Quantum and Critical Casimir Effects: Bridging Fluctuation Physics and Nanotechnology

TL;DR

This review comprehensively analyzes quantum and critical Casimir effects, highlighting their physical principles, differences, and applications in nanotechnology, with emphasis on material, geometric, and thermal influences.

Contribution

It provides a detailed comparison of quantum and critical Casimir forces, integrating theoretical and experimental insights to advance understanding and applications in nanoscale systems.

Findings

Material properties significantly influence Casimir forces.

Geometry and temperature critically affect force magnitude and direction.

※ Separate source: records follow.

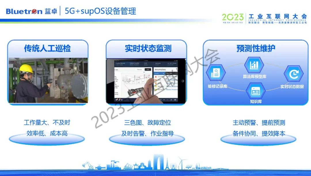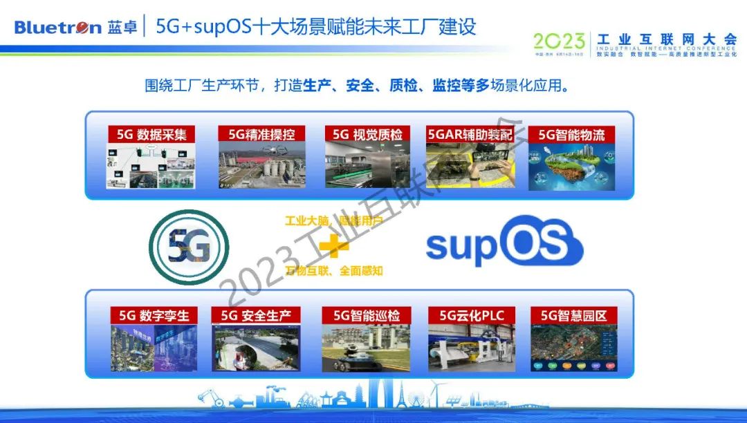 為加速企業(yè)完成生產(chǎn)制造自動化和經(jīng)營管理自動化,從而走向未來工廠,藍卓不斷探索supOS工業(yè)操作系統(tǒng)與前沿技術的的創(chuàng)新融合,而5G技術為工業(yè)操作系統(tǒng)提供了更多元化的賦能手段和想象空間。目前,supOS圍繞生產(chǎn)、安全、質(zhì)檢、監(jiān)控等領域,打造了5G+數(shù)字孿生、5G+安全生產(chǎn)、5G+智能巡檢、5G+云化PLC等數(shù)十種場景化應用。
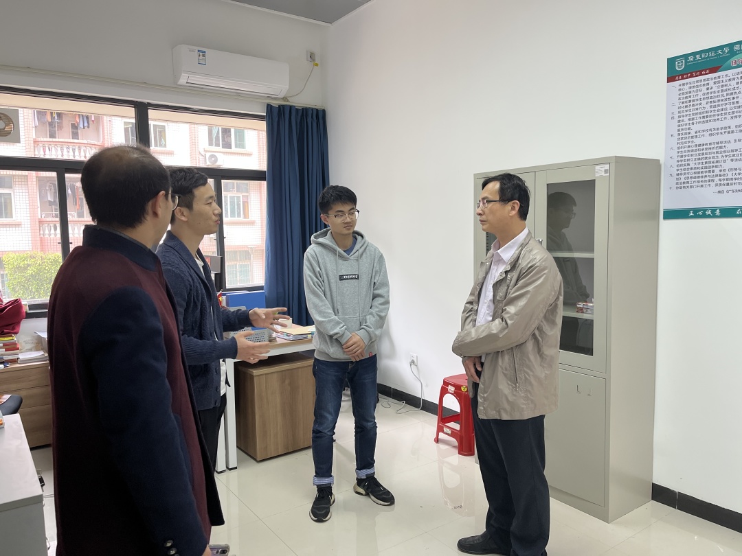 苏明华部长到有为书院学生工作办公室查看驻学生宿舍辅导员的工作情况,了解学院在疫情防控工作中主要做法、存在的问题和难点。苏部长指出,目前疫情防控形势严峻,要按属地、学校相关要求做好疫情防控工作,同时,要深入学生宿舍,及时了解学生学习生活情况和需求,帮助学生解决实际问题和困难。
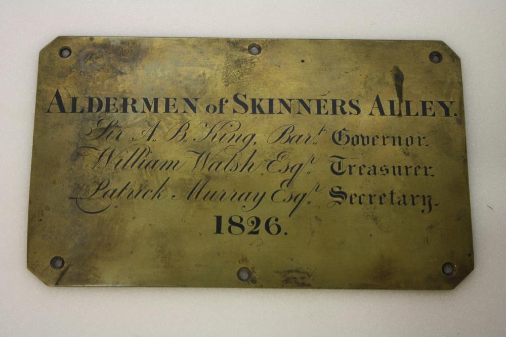Regalia of the Corporation of Skinner's Alley. Brass name plate, reading 'Aldermen of Skinner's Alley / Sir A.B. King Bart Governor / William Walsh Esq. Treasurer / Patrick Murray Esq. Secretary / 1826'.
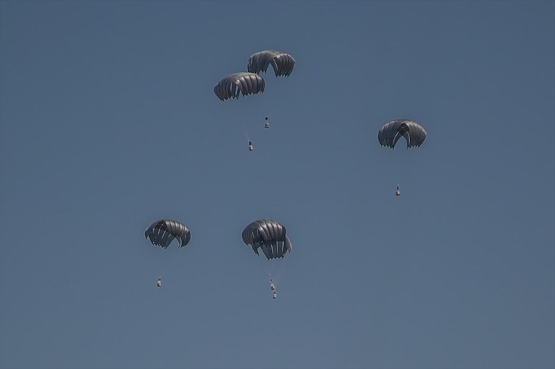 Bölgede savaş tüm şiddetiyle devam ederken Gazze halkının umudu olan yardımlar da havadan kendilerine ulaştırılıyor.

Casimir effects can be harnessed for optical resonator development.

Abstract

Fluctuation-induced forces, primarily represented by quantum and critical Casimir effects, play a pivotal role at the nanoscale. This review explores the theoretical and experimental landscapes of these forces, offering a comprehensive analysis of their similarities and distinctions. We emphasize the effects of material properties, geometry, and temperature in shaping these forces and their roles in various nanoscale systems, both colloidal and solid-state. We devote special attention to the Casimir torque, the influence of magnetism on the Casimir force, and the use of Casimir effects for the generation of optical resonators. Through this comparative study, we elucidate the underlying physics of these phenomena, fostering insights that advance applications in nanomechanics, optomechanics, and quantum technologies.